Sinclair Ferguson on Learning Contentment

It is not uncommon for one chapter to be worth the price of a book. I said that to myself when I finished reading “Learning Contentment,” the tenth chapter in Sinclair Ferguson’s Deserted by God? But then, right after I said that, I realized I had said it several times before—while reading the same book. Pastor Ferguson’s walk through several of the Psalms is a treasure for any believer who is enduring times of affliction and wondering where God is in all of it.
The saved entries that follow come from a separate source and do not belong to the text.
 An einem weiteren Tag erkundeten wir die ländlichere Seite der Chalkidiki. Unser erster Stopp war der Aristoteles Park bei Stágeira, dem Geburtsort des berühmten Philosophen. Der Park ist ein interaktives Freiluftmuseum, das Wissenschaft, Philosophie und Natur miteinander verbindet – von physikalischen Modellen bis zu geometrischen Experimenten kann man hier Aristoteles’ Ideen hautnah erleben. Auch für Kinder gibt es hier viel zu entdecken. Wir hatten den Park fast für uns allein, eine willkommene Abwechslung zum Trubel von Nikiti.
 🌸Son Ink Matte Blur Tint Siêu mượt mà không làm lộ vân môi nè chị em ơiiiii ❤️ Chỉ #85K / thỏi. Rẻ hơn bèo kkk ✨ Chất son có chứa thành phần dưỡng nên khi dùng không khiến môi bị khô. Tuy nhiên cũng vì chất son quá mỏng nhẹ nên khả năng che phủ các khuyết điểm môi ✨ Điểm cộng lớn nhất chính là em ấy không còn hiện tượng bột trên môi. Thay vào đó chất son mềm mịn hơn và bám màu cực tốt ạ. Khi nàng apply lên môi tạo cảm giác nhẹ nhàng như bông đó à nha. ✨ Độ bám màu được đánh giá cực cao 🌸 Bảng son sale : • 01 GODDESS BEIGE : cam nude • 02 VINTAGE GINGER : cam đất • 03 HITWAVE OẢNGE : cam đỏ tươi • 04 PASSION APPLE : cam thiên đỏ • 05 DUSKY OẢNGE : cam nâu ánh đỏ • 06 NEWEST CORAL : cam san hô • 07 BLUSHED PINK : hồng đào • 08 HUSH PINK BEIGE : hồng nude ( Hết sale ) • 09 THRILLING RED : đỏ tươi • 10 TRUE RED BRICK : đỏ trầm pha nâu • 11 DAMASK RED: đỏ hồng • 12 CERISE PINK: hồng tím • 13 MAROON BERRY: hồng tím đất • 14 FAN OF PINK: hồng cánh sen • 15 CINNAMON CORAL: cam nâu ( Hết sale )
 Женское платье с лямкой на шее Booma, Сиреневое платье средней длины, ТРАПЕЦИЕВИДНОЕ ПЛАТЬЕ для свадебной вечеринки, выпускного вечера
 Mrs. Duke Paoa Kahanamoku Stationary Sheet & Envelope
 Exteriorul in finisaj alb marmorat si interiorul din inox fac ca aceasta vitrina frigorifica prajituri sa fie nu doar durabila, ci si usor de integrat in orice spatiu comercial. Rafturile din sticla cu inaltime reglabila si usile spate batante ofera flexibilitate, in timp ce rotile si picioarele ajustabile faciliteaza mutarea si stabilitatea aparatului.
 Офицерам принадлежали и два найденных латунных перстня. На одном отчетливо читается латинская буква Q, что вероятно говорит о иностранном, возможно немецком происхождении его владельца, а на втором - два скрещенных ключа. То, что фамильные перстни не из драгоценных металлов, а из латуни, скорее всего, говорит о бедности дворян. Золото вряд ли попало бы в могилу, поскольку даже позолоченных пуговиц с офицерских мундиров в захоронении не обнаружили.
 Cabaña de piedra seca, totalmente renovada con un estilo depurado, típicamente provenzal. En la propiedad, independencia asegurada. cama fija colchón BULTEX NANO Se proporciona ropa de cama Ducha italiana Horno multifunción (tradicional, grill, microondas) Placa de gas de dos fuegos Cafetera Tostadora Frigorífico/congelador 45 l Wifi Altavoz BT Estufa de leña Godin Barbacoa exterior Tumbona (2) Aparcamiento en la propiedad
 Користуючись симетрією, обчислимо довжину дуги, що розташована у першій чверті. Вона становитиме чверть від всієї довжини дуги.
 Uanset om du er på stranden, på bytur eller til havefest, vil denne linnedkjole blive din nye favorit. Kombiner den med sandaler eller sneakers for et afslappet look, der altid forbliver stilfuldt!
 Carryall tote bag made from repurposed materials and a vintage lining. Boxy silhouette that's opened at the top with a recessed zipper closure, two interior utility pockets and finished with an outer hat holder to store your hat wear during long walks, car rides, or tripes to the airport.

In Chapter 10, “Learning Contentment,” we are led through Psalm 131 in order to learn how and why God sent David to the school of contentment. One point in particular meditates on the first verse, “O Lord, my heart is not lifted up; my eyes are not raised too high.” Here, Ferguson concludes, David reveals that “he no longer assumes that he knows what is best for himself. This is not to say that his ambitions were necessarily wrong. Many of them were excellent in themselves. There is nothing wrong in aiming high. But David is now concerned that his heart should be set only on what pleases God, and on the purposes which God has for him. He had begun to appreciate a divine logic, which Paul would later underscore: since everything we have, are, or accomplish is because of God’s grace, and leaves us nothing to boast about in ourselves, why do we still go on boasting as though these were our own unaided achievements (see 1 Cor. 4:7)? It is not only illogical, but ugly to do so.”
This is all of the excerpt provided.